* [Dataset]:
┌────────

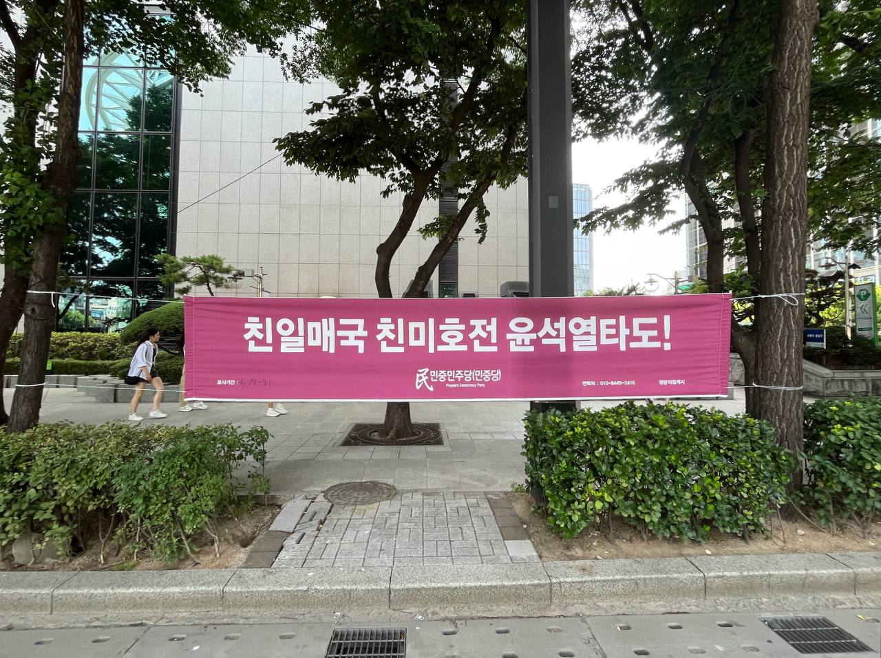 반파쇼반제전국순회투쟁 민중민주당 서울종로일대 〈윤석열타도〉가로막게시 2023년 6월 17일 FacebookTwitter 17일 민중민주당(민중당)은 서울 종로구일대에 <친일매국 친미호전 윤석열타도!>, <친일매국 파쇼호전 윤석열타도!>, <친일매국 전쟁책동 윤석열타도!>, <친일매국 북침연습 윤석열타도!>, <친일매국 전쟁동맹 윤석열타도!>를 게시했다.
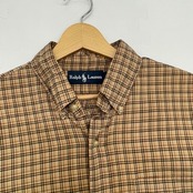 Ralph Lauren ラルフローレン チェックシャツ 長袖 シャツ ボタンダウン CHINA製 Mサイズ ブラウン
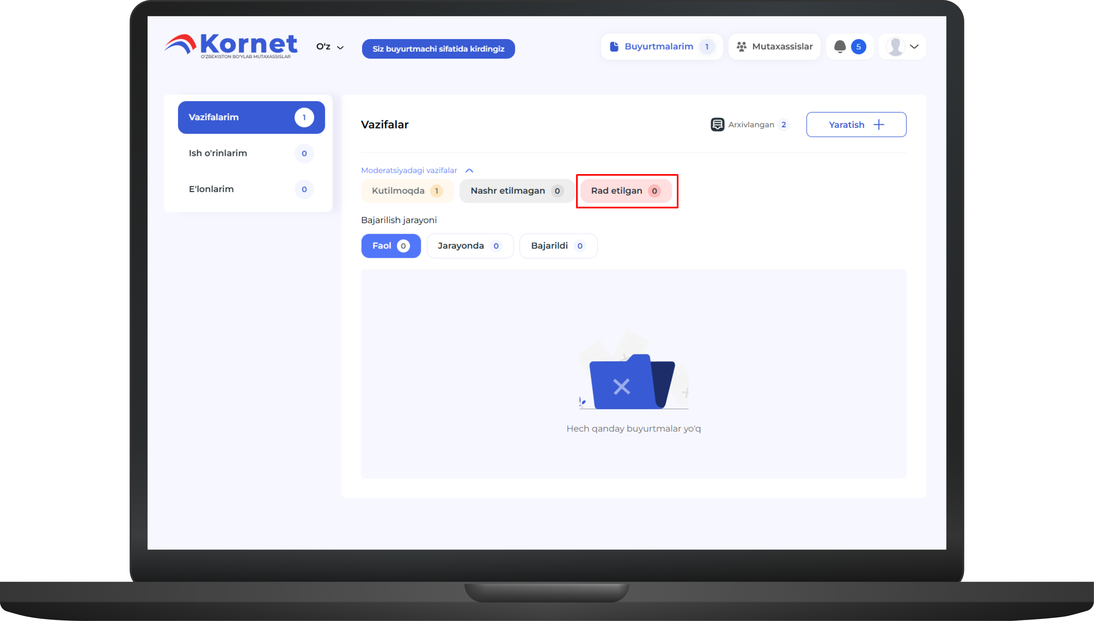 Izoh qoldirganingizdan so‘ng, topshiriq yakunlanadi va u «Yakunlangan» bo‘limida ko‘rsatiladi. Shaxsiy kabinetdagi tartib Sizning ishchi ro‘yxatingiz tozalanadi. «Faol» bo‘limida faqat hozirgi vaqtda dolzarb bo‘lgan vazifalar qoladi, bajarilgan topshiriq esa tarixga o‘tkaziladi. Agar siz platformadan tez-tez foydalansangiz, bu buyurtmalar ichida chalkashib ketmaslikka yordam beradi.
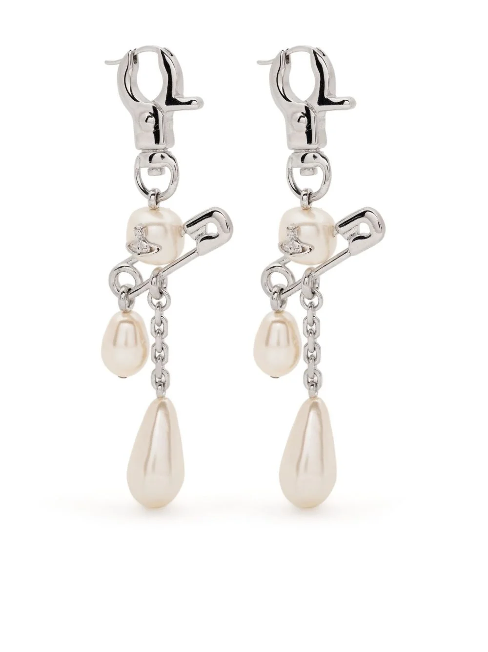 Claude Long earrings Highlights - Silver-tone - Snap-fit fastening - Polished finish - Pearl detailing - These earrings come as a pair. Imported SIZE & FIT Model measurements Height 5 ft 10 in(1.77 m) Bust/Chest 30.7 in(78 cm) Hips 35.82 in(91 cm) Waist 21.25 in(54 cm) Measurement HEIGHT 2.95 in(7.5 cm) Weight (single earring) 8.7 g(8.7 g) WIDTH 0.39 in(1 cm)
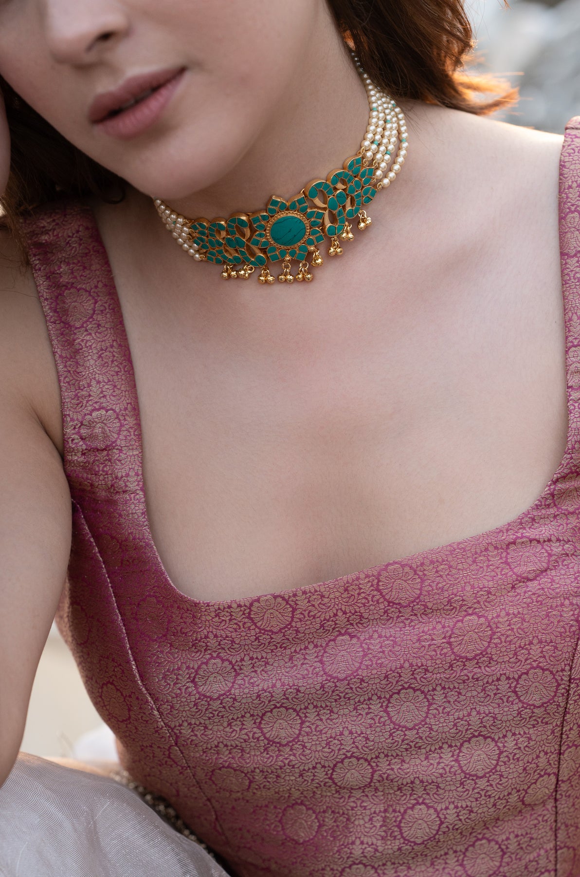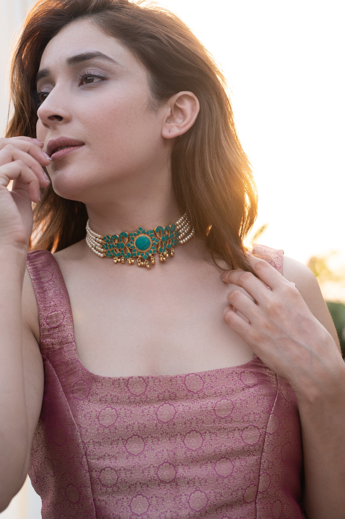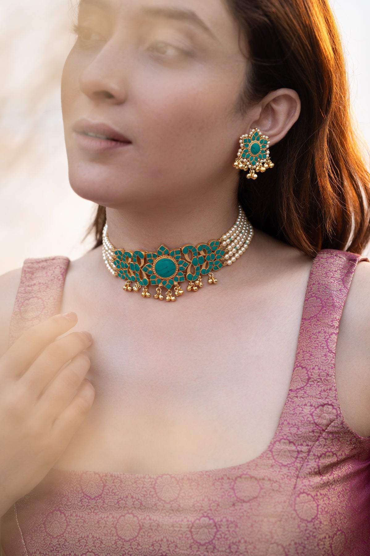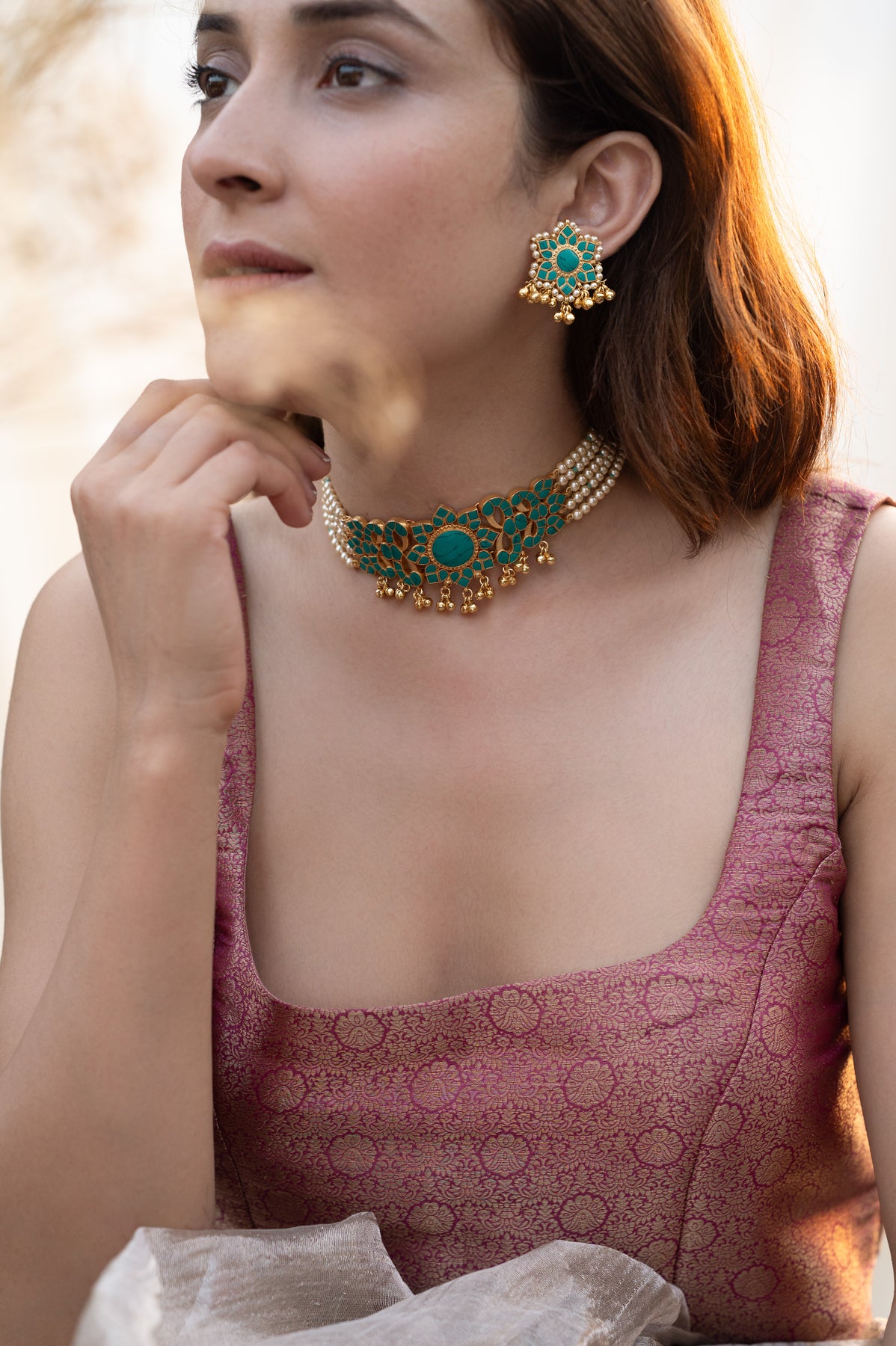 Add a splash of oceanic charm to your outfit with the Linea necklace set. This vibrant turquoise necklace, thoughtfully strewn with shimmering pearls, perfectly balances bold color with delicate elegance. The matching earrings complete the look, bringing playful harmony and a touch of sparkle wherever you go. Ideal for brightening any day or night occasion with a fun, fresh vibe.

└────────

* [Problem to solve]:
Transcribe everything above exactly. Do not include the pictures.

* [Solution]:
 반파쇼반제전국순회투쟁 민중민주당 서울종로일대 〈윤석열타도〉가로막게시 2023년 6월 17일 FacebookTwitter 17일 민중민주당(민중당)은 서울 종로구일대에 <친일매국 친미호전 윤석열타도!>, <친일매국 파쇼호전 윤석열타도!>, <친일매국 전쟁책동 윤석열타도!>, <친일매국 북침연습 윤석열타도!>, <친일매국 전쟁동맹 윤석열타도!>를 게시했다.
 Ralph Lauren ラルフローレン チェックシャツ 長袖 シャツ ボタンダウン CHINA製 Mサイズ ブラウン
 Izoh qoldirganingizdan so‘ng, topshiriq yakunlanadi va u «Yakunlangan» bo‘limida ko‘rsatiladi. Shaxsiy kabinetdagi tartib Sizning ishchi ro‘yxatingiz tozalanadi. «Faol» bo‘limida faqat hozirgi vaqtda dolzarb bo‘lgan vazifalar qoladi, bajarilgan topshiriq esa tarixga o‘tkaziladi. Agar siz platformadan tez-tez foydalansangiz, bu buyurtmalar ichida chalkashib ketmaslikka yordam beradi.
 Claude Long earrings Highlights - Silver-tone - Snap-fit fastening - Polished finish - Pearl detailing - These earrings come as a pair. Imported SIZE & FIT Model measurements Height 5 ft 10 in(1.77 m) Bust/Chest 30.7 in(78 cm) Hips 35.82 in(91 cm) Waist 21.25 in(54 cm) Measurement HEIGHT 2.95 in(7.5 cm) Weight (single earring) 8.7 g(8.7 g) WIDTH 0.39 in(1 cm)
 Add a splash of oceanic charm to your outfit with the Linea necklace set. This vibrant turquoise necklace, thoughtfully strewn with shimmering pearls, perfectly balances bold color with delicate elegance. The matching earrings complete the look, bringing playful harmony and a touch of sparkle wherever you go. Ideal for brightening any day or night occasion with a fun, fresh vibe.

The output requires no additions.